EDÇEP bu yanıtları kamuoyuna iletirken de şunu söyledi:
“Bu saha için gönlümüzden geçenler çok farklıydı elbette. Korkarız, Kazdağları ekosisteminin, denizle buluştuğu bu sahillerdeki Dalyan’dan geriye hiçbir şey kalmayacak yakında. Torunlarımıza ne göstereceğiz? “Akçay da bir zamanlar böyleydi” diyebileceğimiz bir karış yer bile olmayacak birkaç yıl sonra. Fakat, madem ki bir şeyler yapılıyor, kentimizi yönetenler karar almışlar, hiç değilse çevreye yeni kirlilikler saçılmamalı elbette.. Bu konuyla ilgili olarak, Çevre Bakanlığı’na da bir müracaatımız var. Onunla ilgili gelişmeler olduğunda, yine sizlerle paylaşacağız ileride..”

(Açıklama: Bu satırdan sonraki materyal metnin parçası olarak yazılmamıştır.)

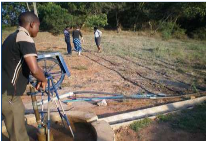
Drip irrigation rope pump in Malawi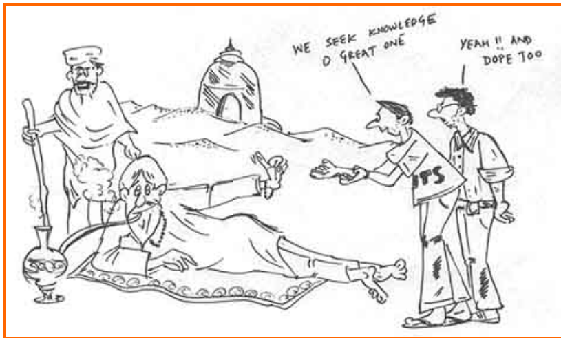
A mysterious location An obscure and mysterious location hidden away in the sands of the desert...a favorite watering hole for the more spiritually inclined

Fakat ne yazık ki, bu müracatımıza Bakanlık’tan halen yanıt gelmedi.
25.02.2021’de ise EDÇEP şöyle diyordu:
“Dalyan’daki OSB arazisinde yapılan vahşi dolgu faaliyetlerine karşı, EDÇEP daha önce gerekli müracaatlarda bulunmuştu.. Bu sahaya geçen Temmuz’dan itibaren pek çok kirleticinin yanı sıra, Edremit Çayı’nın denize döküldüğü bölgede yapılan dip temizliğinden çıkartılan çamurlar ve balçıklar da dökülmüştü. / Bunun sakıncalarını anlatan dilekçemiz üzerine de, Eylül başında Balıkesir B. Belediye Başkanı a. Genel Sekreter Yardımcısı Hüseyin Deniz bir yanıt vererek “bu tür atıkların sahaya kabul edilmemesi konusunda sahanın işletmecisi Belediyemizin iştiraki olan BAGYAŞ firmasına gerekli uyarılar yazılı olarak yapılmıştır. Sahanın iş makinesi yardımıyla düzenlenmesi sağlanacaktır.” deniliyordu.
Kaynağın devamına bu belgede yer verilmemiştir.